Am I a mad person struggling to deal with a perfectly sane world?
Or am I perfectly sane struggling to live a mad world?
And this is my predicament, swinging from one extreme to the other and not knowing wether I'm coming or going or who to trust/turn to (or wether to simply remain self-reliant??)
0 likes, 3 replies
boing333 mark_34879
Posted
https://patient.info/forums/discuss/personality-disorders-271654
When asking yourself, "do I have a personality disorder?", also ask yourself, "in comparison to what?"
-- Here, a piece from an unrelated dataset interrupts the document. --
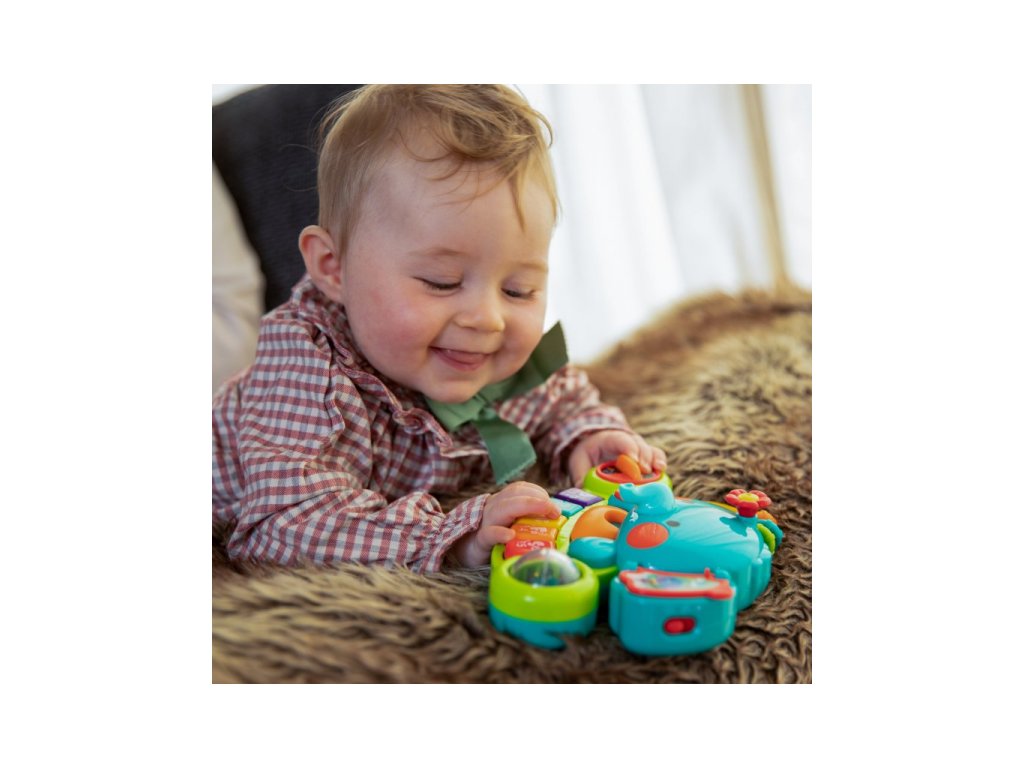 Plastové piánko obsahující několik interaktivních a pohyblivých částí, které rozvíjejí zručnost a jemnou dětskou motoriku.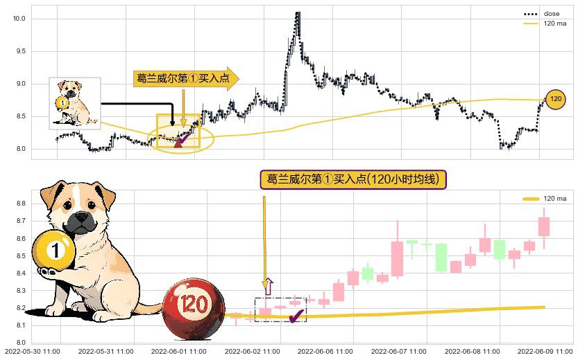 形态多维评估: ⚀ 2022-06-02 10:00:00-小时显现 葛兰威尔均线 120小时均线 第买①入点 走势反转见底信号,后市看涨,买进信号

There's a difference between something that genuinely affects your quality of life and personality traits you have, naturally, that don't affect your quality of life but are the product of hypochondria. Don't look for a diagnosis; some can often explain a lot about who a person is but most personality disorders can apply to everybody in some way or another.
mark_34879 boing333
Posted
And I hear what you say about hypochondria but it IS difficult for me to tell the difference sometimes?
I mean I suffer from depression but if I was to really describe how I feel it would be 'supression' rather than depression and this more acurately describes how I feel. Its kind of like a 'locked in' syndrome where I feel like there's this really creative, vibrant, energetic, loving person who just really finds it incredibly difficult to find a means of expelressing itself in a world hell bent on conformity and profit at any cost.
I mean I simply cannot seem to 'fit in' and of course this leads to a feeling of being suppressed (depressed) etc.
And I have tried all the self help/positive thinking etc bit I just quickly get overwhelmed and blow a fuse etc.
And I have tried 'just getting on with it' but then life becomes overwhelming and I need help and the whole cycle starts over again (of course this is extremely simplified to make my point)
So yes, do I have a personality disorder? And if so compared to what? To some sanitised 'Pleasantville' Simon Cowell wet dream where everybody has perfect white teeth, 2.4 kids, a perfect marriage, and a favourite James Bond and/or supermodel (sorry that last bit was a conversation I overheard on the tram earlier)
And I have become quite isolated and extremely disillusioned especially since my marriage ended (after nine months!!) but I guess that's fairly 'normal'??